ITC Maurya recreates recipes from royal kitchens every weekend


ITC Maurya’s coffee shop has recreated some closely guarded culinary secrets. These will be available at The Pavilion, every weekend in June and July. Here’s a round-up of the royal fare.

The Salar Jung Empire

Nobels from Hyderabad state under the Nizams, Kunwar Rani Kulsum Begum is proud to showcase their ‘dum’ cooking in the dum ki machhli and dum ka murgh. A rather unique offering is the mahi zamin dosht, in which the fish is layered with mud (zamin/earth) and then cooked. They even have a halwa made of lamb especially suited for adventurous palates.

Available between: 9th-11th June

The Akheraj Ancestry

Kunwar Sahib Akshraj Jodha, of the Rao Akheraj dynasty, has been a chef with the ITC. The region lies between the borders of Marwar and Mewar, he explains, and the cuisine is influenced by both the regions. He has included amle ka gosht in his repertoire because “almost every home in Udaipur, the capital of Mewar, has an amla tree.” The other dishes he is showcasing include hara maans, makki maans soyeta, mangori, rabori, matki maans and meetha khata.

Available between: 16th-18th June

The Royal Kangra Dynasty

The youngest member on the panel of royals, Ambikeshwar Katoch from the royal family of Kangra, confesses that his sweet tooth is satiated by Kangra specialities including meethe chawal and mithdee (made of boond and bread crumbs). Almost as a contrast from the sweet is the deliciously tangy khatta gosht and khatte kaddu ki subzi.

Available between: 23rd-25th June

The Kashmir Lineage

“Jammu cuisine is very different from Kashmiri cuisine owing to the area touching Himachal Pradesh on one side and Punjab on the other,” explains Jyotsana Singh of the Dogra dynasty. Sourness in the meat and vegetables, fermentation and smoking are some of the techniques popularly used along with spices like cinnamon, cardamom, cloves and saffron. Besides tabakh maaz, rogan josh and rista, you can relish anardana mutton and marchwangan korma.

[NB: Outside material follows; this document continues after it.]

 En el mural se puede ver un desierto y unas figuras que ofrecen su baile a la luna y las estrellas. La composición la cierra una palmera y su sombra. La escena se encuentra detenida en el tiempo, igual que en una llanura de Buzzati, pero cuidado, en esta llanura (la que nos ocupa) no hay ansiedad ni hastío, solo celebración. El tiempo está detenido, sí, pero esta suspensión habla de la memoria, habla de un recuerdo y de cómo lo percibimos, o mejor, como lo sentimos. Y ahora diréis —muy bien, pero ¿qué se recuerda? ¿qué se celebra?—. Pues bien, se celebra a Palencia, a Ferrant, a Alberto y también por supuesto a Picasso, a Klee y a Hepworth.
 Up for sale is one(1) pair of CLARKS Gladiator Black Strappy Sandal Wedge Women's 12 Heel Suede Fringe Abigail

Available between: 30th June-2nd July

The Rampur Reign

Nawab Kazim Ali Khan of Rampur explains that the cuisine of his region greatly benefited due the influx of people during the Mutiny of 1857. “When our neighbouring state of Awadh was in turmoil, everybody moved towards Rampur and that’s probably when the refinement of our regional cuisine started,” he states. There’s a lot of emphasis on meat, and some vegetarian gems like the Shahpasand dal, a dry preparation of yellow dal.

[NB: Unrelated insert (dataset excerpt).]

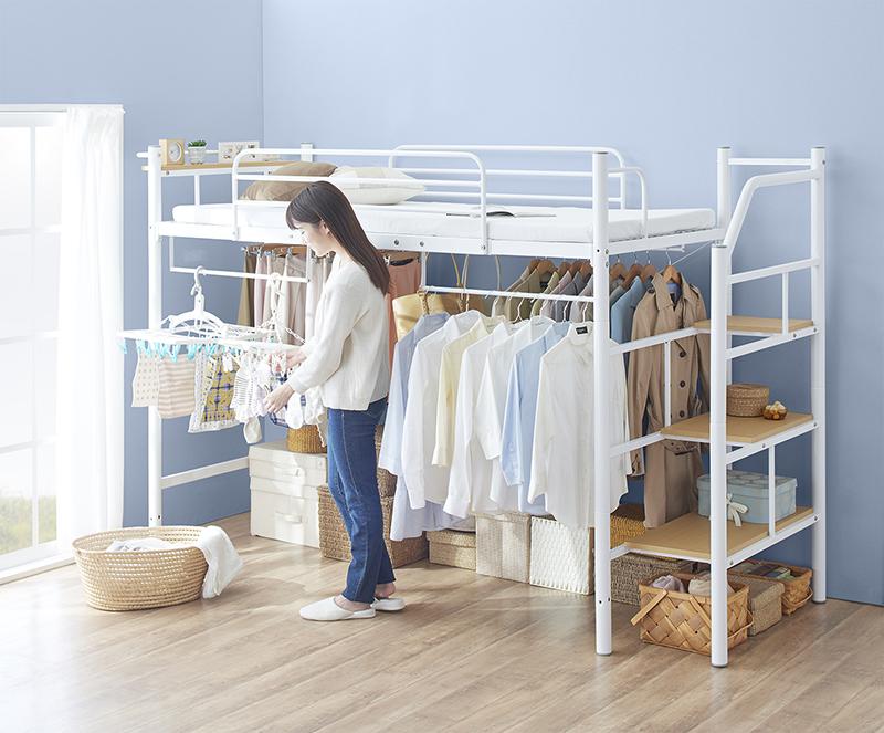 送料無料 シングル ナチュラル ホワイト ロフトベッド ハイタイプ ロフト パイプベッド システムベッド 子供部屋 宮付き コンセント付コンセント2口付き 宮棚 一人暮らし ワンルーム シングル ナチュラル ホワイト サイズ シングル ナチュラル ホワイト ベッド。

Available between: 7th-9th July

The Bhainsrorgarh Regime

This is the region where the Chambal river flows from the south to north (rather uncharacteristic of rivers!). Marwar, in the Western part of Rajasthan, has sparse wildlife and vegetation, due to a scarcity of water. Hence Marwari cuisine features dishes like ker sanger, ingredients can be stored for longer periods. Bhainsrorgarh cuisine includes the extremely tender matki maas and an aromatic safed maas besides other Marwari specialties.

Available between: 14th-16th July

Take your pick from the above, book your table and thank us later!

Every weekend {Friday-Sunday} you get to enjoy popular dishes of one of the seven royal households at the dinner buffet of the hotel’s multi-cuisine restaurant, Pavilion.